The code in the block above will produce a nicely formatted table in which the rows are striped and if we hover over a row of our table then it will be highlighted in the HTML document. Try adding a code cell as above and then re-knitting your document. See how nice this table looks? You might copy and paste these lines to the end of each of our code cells in this notebook that output tables. The document resulting from your knitting will be much more visually pleasing.

Final Thoughts

There is a lot more to learn about data manipulation and Python in general. I like R much better for data wrangling than Python because of the {tidyverse} and the other package groups within the tidy-ecosystem (ie. {tidytext}, {tidymodels}, etc.).

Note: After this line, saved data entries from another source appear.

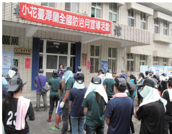
▲宣誓剷除小花蔓澤蘭

除小花蔓澤蘭，合計250餘公斤，捍衛社區及實驗林場周遭的森林不受小花蔓澤蘭的威脅，打造健康的森林。（嘉義林區管理處 趙賢玉）
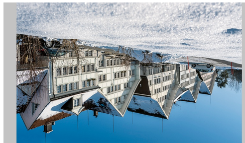
NEUSCHWENDI, Trogen, mit typischen Appenzellerhäusern.
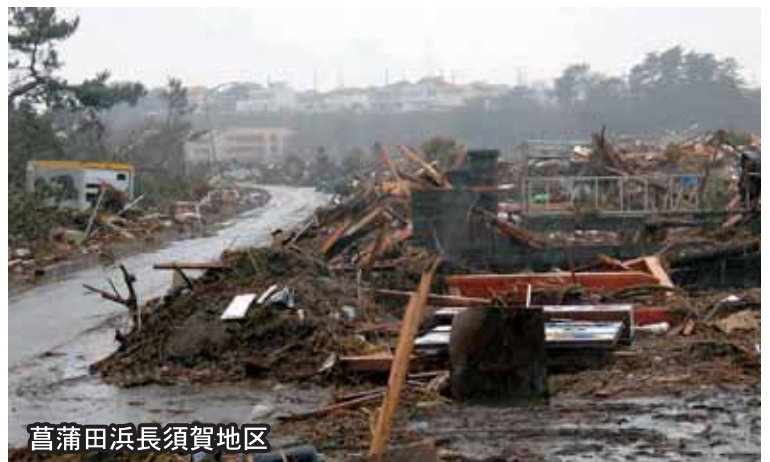
菖蒲田浜長須賀地区
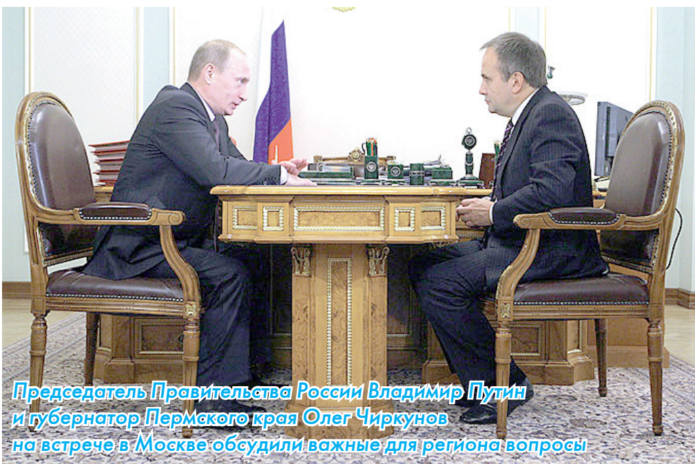
Председатель Правительства России Владимир Путин и губернатор Пермского края Олег Чиркунов на встрече в Москве обсудили важные для региона вопросы

обретет в Перми 1080 квартир для семей военнослужащих. Программа разбита на два этапа. На первом этапе в 2009-2010 годах будет куплена половина жилья, а это 540 квартир, столько же будет приобретено и в 2011-2012 годах.
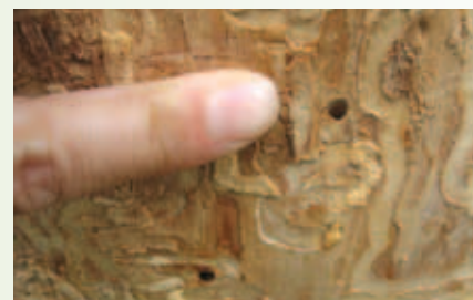
Dommages causés par les larves d'agrile du frêne et trous de sortie en forme de D.

Pour plus de renseignements sur l'agrile du frêne, visitez le site Internet de la Ville de Montréal : ville.montreal.qc.ca/agrile .
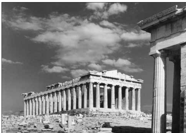
Ο Παρθενών από ΒΑ. Carte postale, δεκαετία 1950. Στο πίσω μέρος φέρει ιδιόχειρη σημείωση του Γ.Μ.: «Ο Παρθενώνας. Μπορείτε να τον φανταστήτε κάτω από ένα πελώριο στέγαστρο; Φυσικά τότε δεν θα τον στολίζουν τό γαλάζιο τ' ουρανό και τά σύννεφα».

Η κατεδάφιση του «μιναρέ» συζητείται σε συνεδρίαση του Α.Σ. την 8η Δεκεμβρίου 1953. Υπέρ της τάσσονται οι Αναστάσιος Ορλάνδος, Χρήστος Καρούζος και ο Γιάννης Μηλιάδης, εναντίον ο Σπυρίδων Μαρινάτος και ο Γεώργιος Σωτηρίου, ενώ ο Διονύσιος Ζακυνθινός προτείνει, λόγω της σπουδαιότητας του ζητήματος, να ζητηθεί η άποψη της διεθνούς επιστημονικής κοινότητας, πρόταση που δεν γίνεται αποδεκτή. Κατά τη συζήτηση ο Μηλιάδης τονίζει ότι «Αναμφισβητήτως ζῶμεν σήμεραν εις περίοδον ιστορισμού, πρέπει δέ να κάμωμεν τήν διάκρισιν μεταξύ εξωτερικού ιστορισμού και
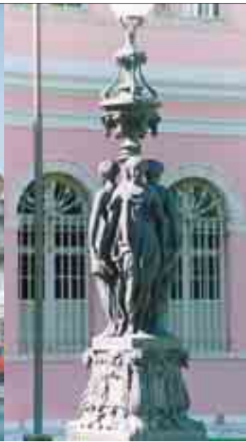
« Les trois grâces » à Recife (Brésil)

“ Les fontes naissent à Pocé, mais l’estampille « Paris » est indispensable à l’exportation ”
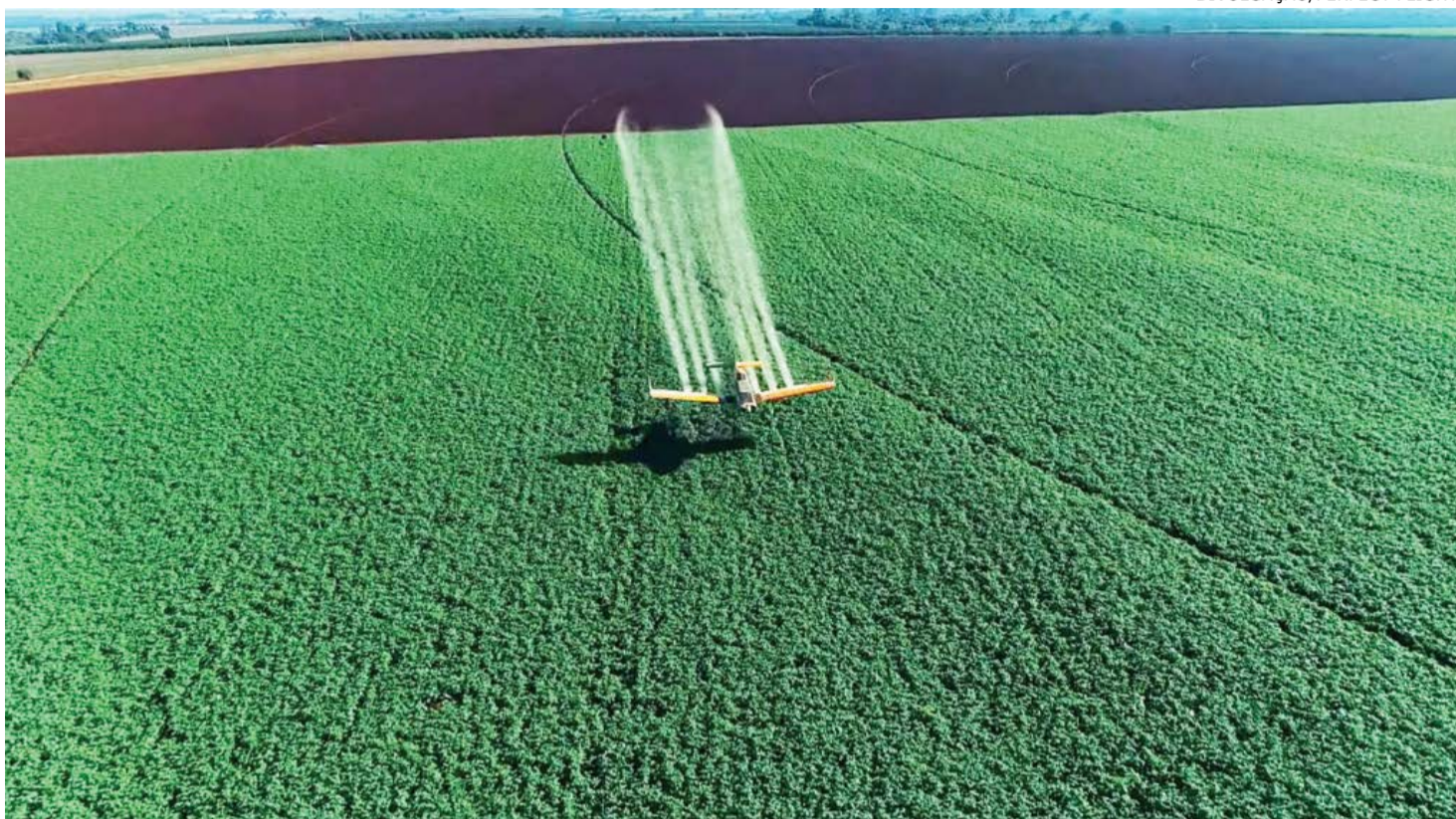
Perfect Flight: projeto de monitoramento e gestão de pulverização aérea é o maior até então implantado no mundo

Perfect Flight, é possível estabelecer melhores índices de assertividade na aplicação de defensivos agrícolas, por meio de dados que ajudam a preservar recursos naturais e a evitar desperdícios de produtos e o excesso no uso de defensivos.
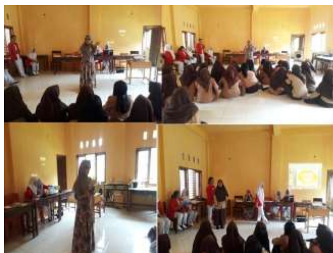
Gambar 2. Penyampaian materi seks bebas

Selanjutnya pemateri melanjutkan memberikan penyuluhan tentang dampak seks bebas pada remaja, selama proses penyampaian materi siswa/siswi mulai antusias menyimak dibuktikan sudah ada beberapa pertanyaan yang diajukan oleh siswa/siswi dan Hal yang paling menarik bagi siswa adalah tentang bahaya atau dampak seks bebas. Tiga dari lima pertanyaan yang disampaikan siswa merupakan pertanyaan terkait penyakit infeksi menular seksual. Sedangkan dua pertanyaan lagi adalah tentang dampak seks bebas terhadap kehamilan diluar nikah. Dilihat dari jenis kelamin, siswa perempuan lebih banyak bertanya tentang dampak seks bebas terhadap kehamilan di luar nikah, sedangkan siswa laki-laki lebih tertarik bertanya tentang penyakit infeksi menular seksual. Berdasarkan pada hasil evaluasi tim pengabdian kepada masyarakat terhadap siswa, terlihat bahwa penyuluhan yang diberikan dapat meningkatkan pengetahuan dan kemampuan siswa dalam memahami materi tentang seksualitas dan kesehatan reproduksi.
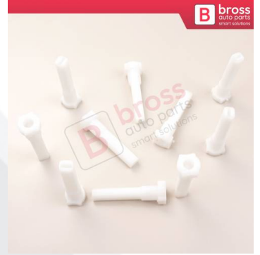
BCP057 10 Adet Cam Kriko İndirme Kaldırma Mekanizma Kablo Ucu Halat Dübeli Tip BCP057
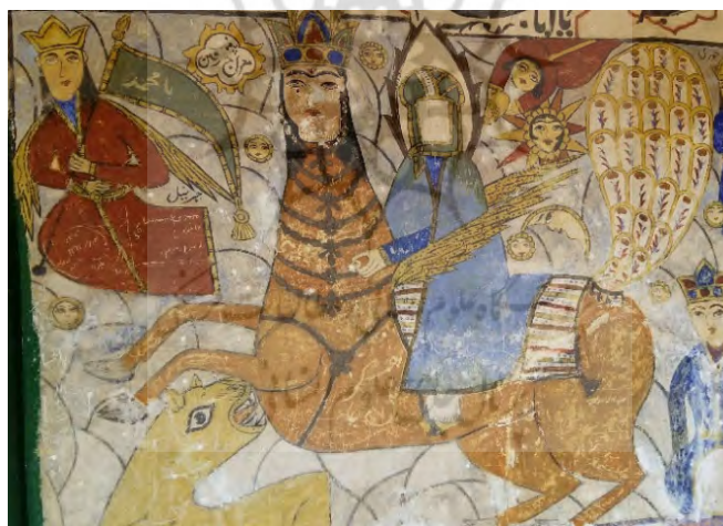
شکل ۶: معراج پیامبر، بقعه امامزاده ابراهیم در روستای باباجان دره املش
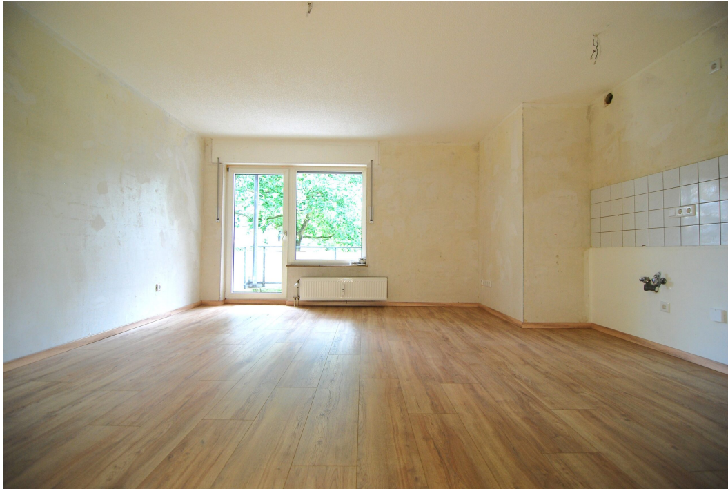
Waldstr2a 1OMitte links Wohnzimmer 1
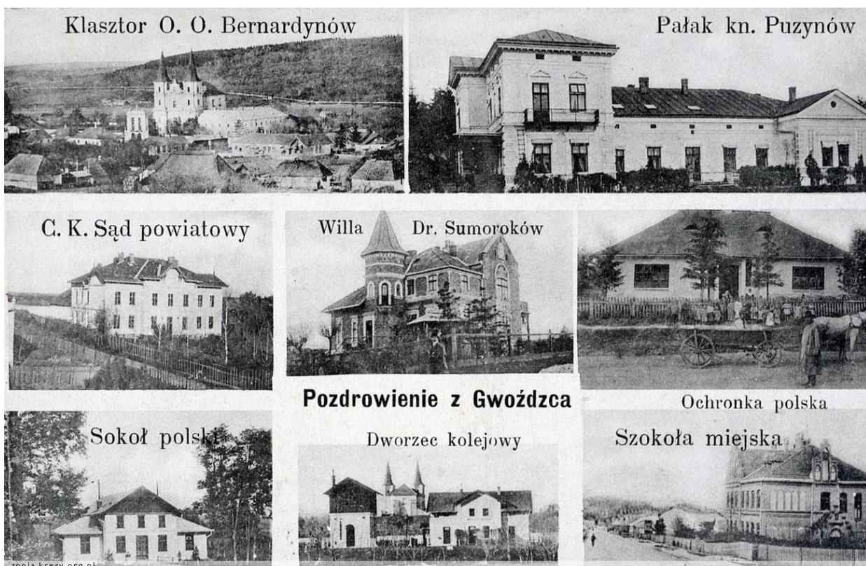
Гвіздець, 1920 р. 95

Перша згадка про Гвіздець 15 грудня 1373 року: князь Володислав Опольський в Ярославі 96 надає поселення Гвіздець руському шляхтичу Ходку (Хотку) Лоєвичу 97 за його заслуги, також поселення Чернова (Чернява). На умовах: може брати данину грошима, мешканці прикріплюються за землею, Лойович розпоряджається. Повинен виставляти військо в разі війни (1 піший, 1 кінний).
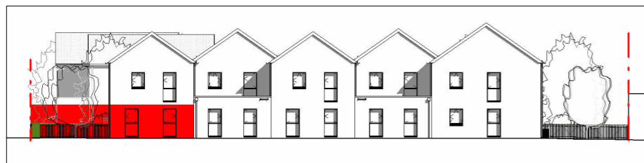
Façade Nord-Ouest 1 : 400
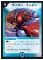
[ DM-01 ] サイバー・プレイン
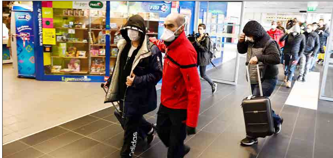
إجلاء حافلة من الركاب بالصين للاشتباه بأنهم مصابون بالفيروس أمس

باريس / وكالات: عززت موجة جديدة من الوفيات والإصابات الناجمة عن فيروس كورونا المستجد في إيران واليابان وكوريا
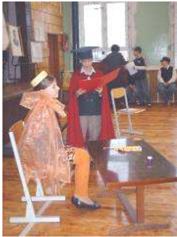
5. b klases uzvedums
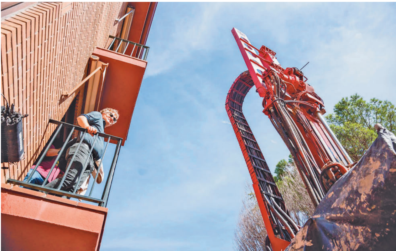
Obras en las inmediaciones de los edificios afectados por la Línea 7B
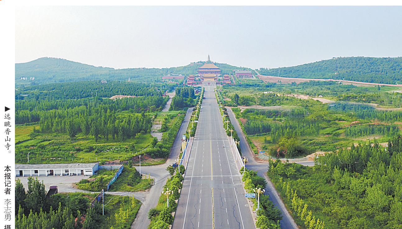
▲平顶山白龟湖国家城市湿地公园。
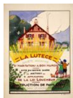
1929-1937. Cité-jardin du Noyer Doré, Antony : affiche publicitaire. (Dossier 174 Ifa 56/2. Doc. AR-02-04-09-11)
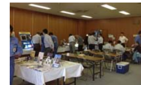
昨年の展示会の様子
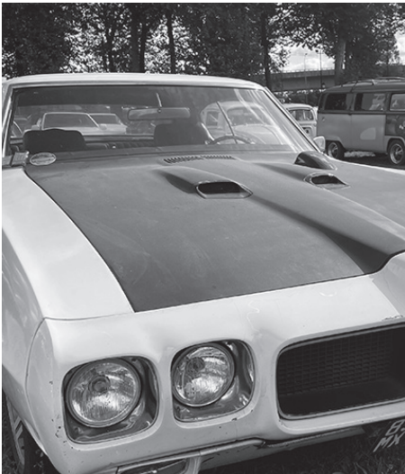
DIMANCHE 13 OCTOBRE (8H30-18H30) Parc des Noues Entrée gratuite Restauration et buvette sur place
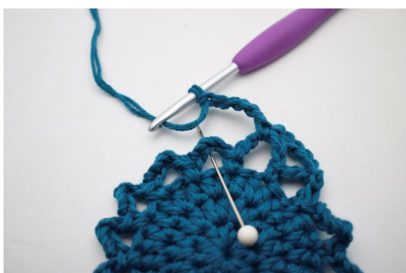
18. « Faire 5 ml et crocheter 1 ms dans le prochain espace de ml ».
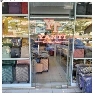
Gambar 2. Lokasi UMKM

Ruang lingkup dari proyek yaitu penyusunan peraturan kerja pada UMKM Yanti Collection agar dapat mengelola kinerja karyawan, memberikan arahan kepada karyawan agar tujuan UMKM dapat tercapai, membantu UMKM agar dapat meningkatkan kualitas karyawan, membangun kenyamanan dalam lingkungan kerja, dan menciptakan sikap profesionalisme dalam bekerja. Pelaksanaan pengabdian masyarakat akan dilakukan dalam jangka waktu selama tiga bulan.
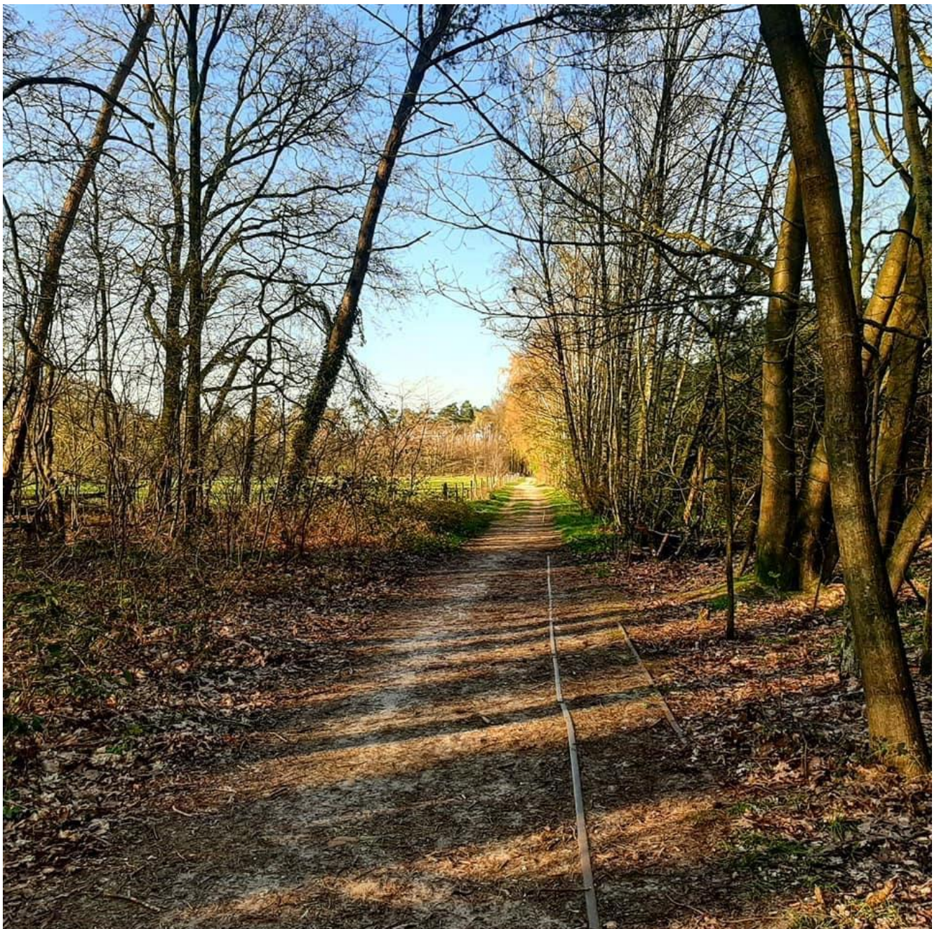
Enkele hectometers origineel smalspoor

Sporadisch komt men nog kleine stukjes tegen, echter aan de 3e Heideweg ligt nog een vrij lang stuk, dat je hier en daar nog net kunt zien. EENLokaal is van mening dat dit historische erfgoed moet blijven liggen en (deels) zichtbaar gemaakt. Het nog aanwezige smalspoor hindert niemand in de mobiliteit!
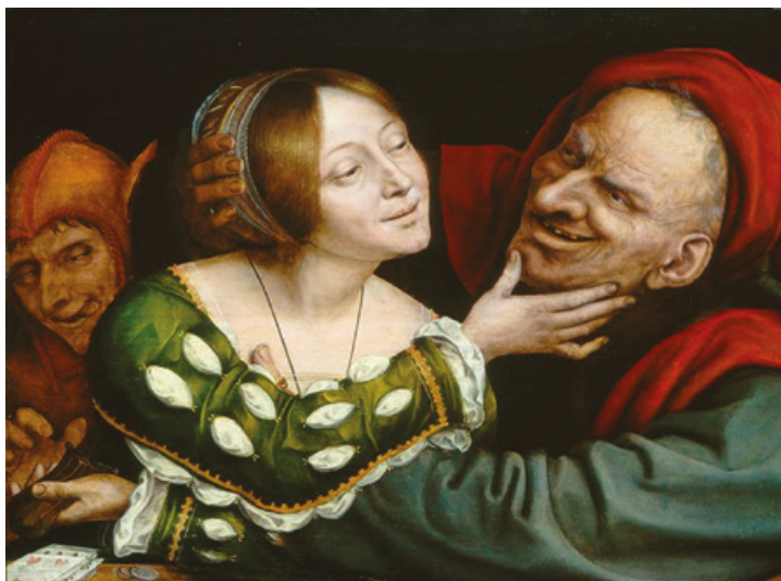
Fig. 13: Quentin Massys, Matched Lovers (ca.1520–25).

de la fealdad empezando con la obra temprana de Karl Rosenkranz ( Ästhetik des Häßlichen , Königsberg 1853) pero pocos estudios académicos sobre la relación entre estética y discapacidad. La presentación de la fealdad y de lo grotesco, la figura discapacitada o deformada, en el arte se utilizaba en primer lugar para resaltar la belleza del protagonista, 13 para “causar temor o sumisión” y “marcar un aspecto que se salía de la cotidianidad” (Senent Ramos 2010: 36).
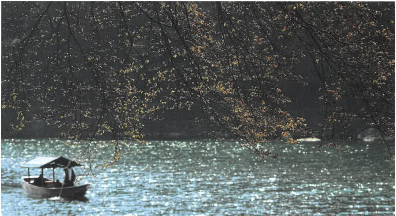
嵯峨野路の四季より
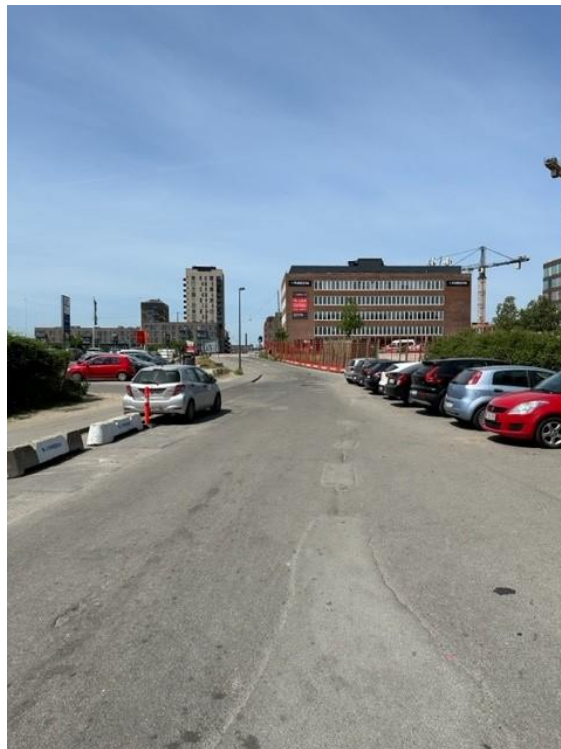
Vejen fra Gammel Køge Landevej og ned til Følager

På den side af vejen, der leder frem til plejehjemmet, er der som nævnt ikke noget fortov. Fodgængere vil derfor være nødsaget til at krydse vejen for at benytte fortovet på den modsatte side, for så at krydse vejen igen, når de skal frem til Solgaven Valbys hovedindgang. Ved rundgang sås det, at en person gik i den side, hvor der ikke er fortov (dvs. på kørebanen), formentlig fordi det er den korteste og mest naturlige vej at følge.
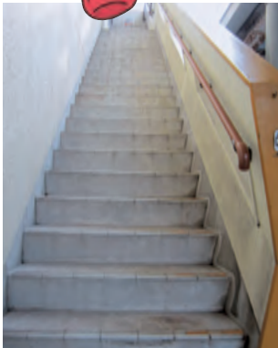
②西側の出入り口の左手の階段を上ります。

新庁舎完成に伴い、現在の議場で本会議を行うのは、年内に行う2回の定例会（9月と12月）となります。残り少ない機会です。ぜひ傍聴にお越しください!!お待ちしております。
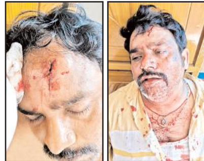
దాడి చేయడం ఒక బాధాకరమైన విషయం అని తన ఫోను ఇవ్వమని అడిగినా ఇవ్వలేదని అన్నారు.
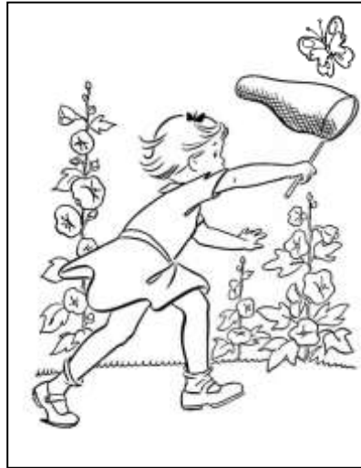
Рис. 2. Девочка ловит бабочку
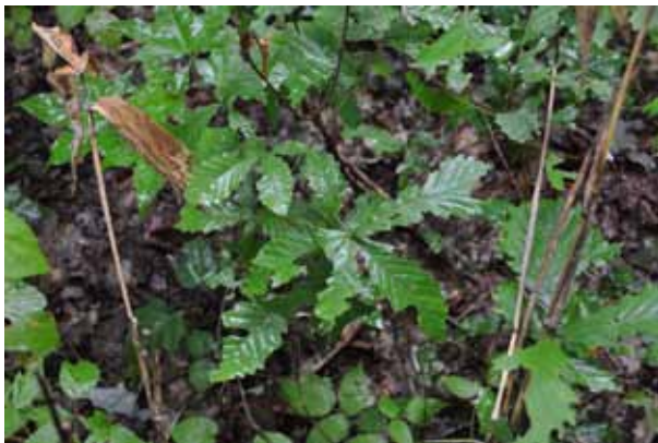
稚樹の葉がかなり虫に食われていました

All of these packages are all built on common syntax and programmatic principles, always working with data frames. You can read more about this in the TidyTools Manifesto. That being said, you can certainly complete all of your data wrangling tasks in Python if you like.

You won’t be an expert after working through this document, but it should provide you with a solid start. Please feel free to continue adding notes to your markdown file as we encounter more advanced functionality.